▶ [Data provided]
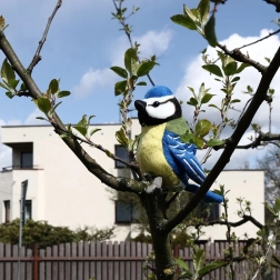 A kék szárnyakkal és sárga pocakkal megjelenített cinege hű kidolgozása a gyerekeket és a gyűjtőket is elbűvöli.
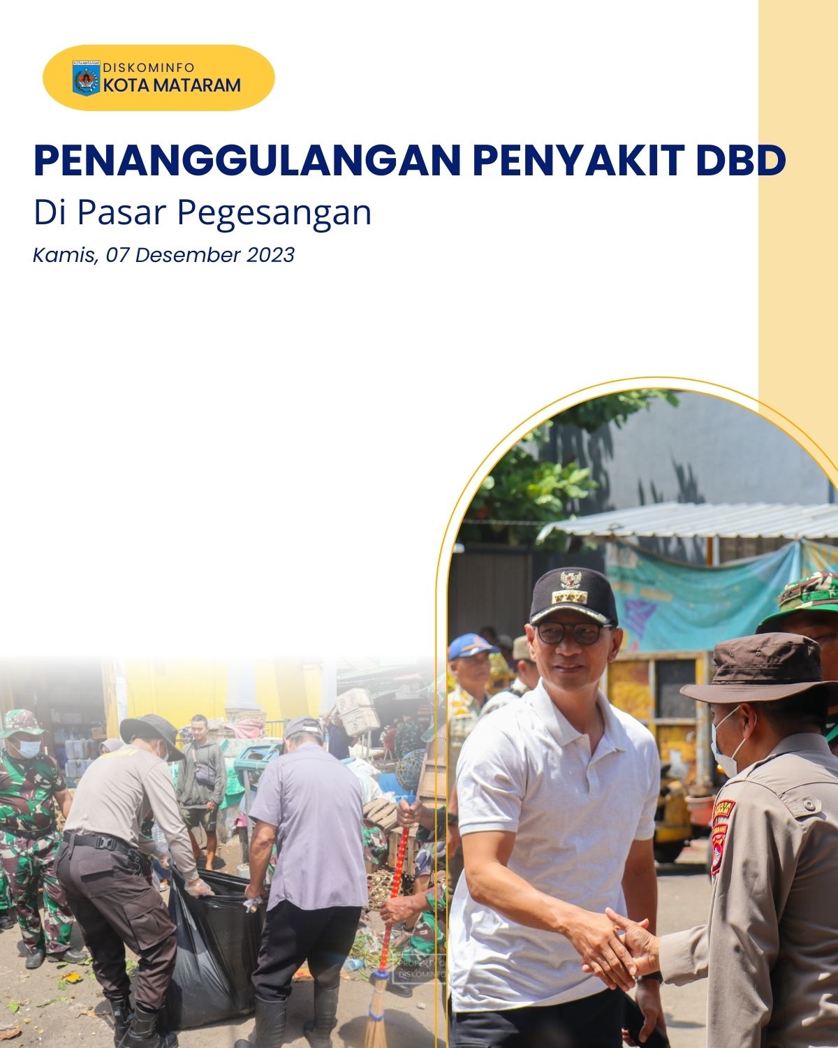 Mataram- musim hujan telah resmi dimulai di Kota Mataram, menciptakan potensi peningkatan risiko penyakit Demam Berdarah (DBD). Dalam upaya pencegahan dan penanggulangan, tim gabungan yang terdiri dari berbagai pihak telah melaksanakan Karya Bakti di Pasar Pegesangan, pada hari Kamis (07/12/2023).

==

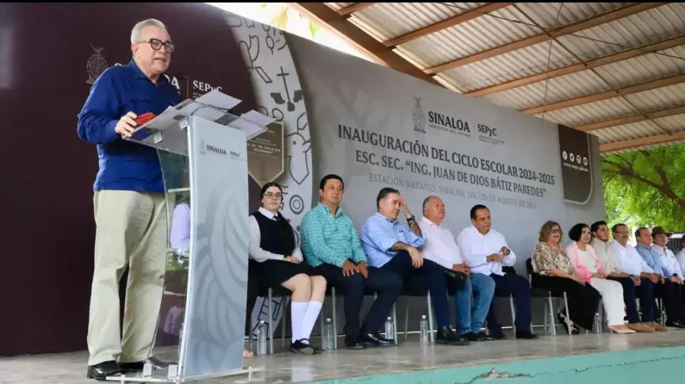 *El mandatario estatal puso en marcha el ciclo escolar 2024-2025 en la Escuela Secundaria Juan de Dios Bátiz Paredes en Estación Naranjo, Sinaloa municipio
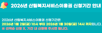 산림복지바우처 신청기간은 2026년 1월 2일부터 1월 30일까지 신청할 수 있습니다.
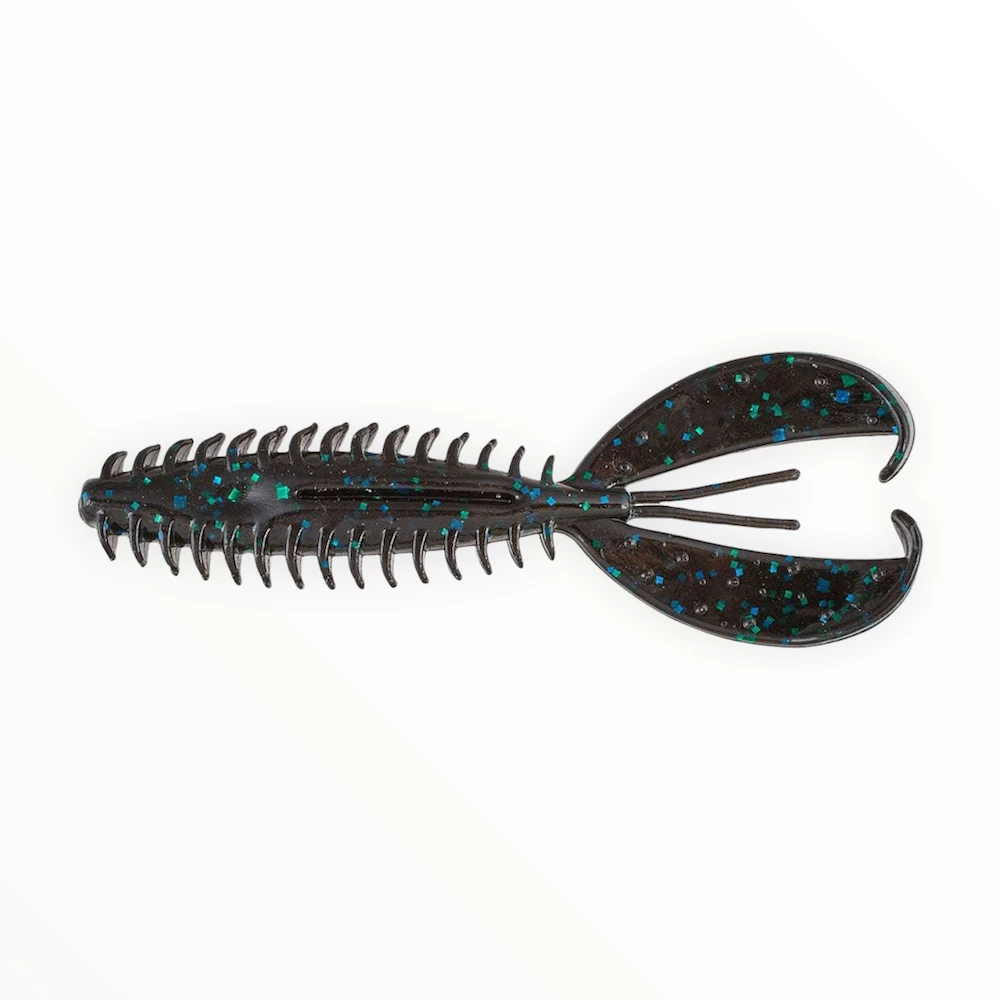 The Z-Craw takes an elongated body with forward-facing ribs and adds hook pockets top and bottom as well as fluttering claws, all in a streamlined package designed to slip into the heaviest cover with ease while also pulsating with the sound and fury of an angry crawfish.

▶ [Problem] Your answer must be the exact lines from the records above, from the one containing "Naranjo, Sinaloa municipio" through the one containing "The Z-Craw takes", both included, with every picture left out.

▶ [Task output]
 *El mandatario estatal puso en marcha el ciclo escolar 2024-2025 en la Escuela Secundaria Juan de Dios Bátiz Paredes en Estación Naranjo, Sinaloa municipio
 산림복지바우처 신청기간은 2026년 1월 2일부터 1월 30일까지 신청할 수 있습니다.
 The Z-Craw takes an elongated body with forward-facing ribs and adds hook pockets top and bottom as well as fluttering claws, all in a streamlined package designed to slip into the heaviest cover with ease while also pulsating with the sound and fury of an angry crawfish.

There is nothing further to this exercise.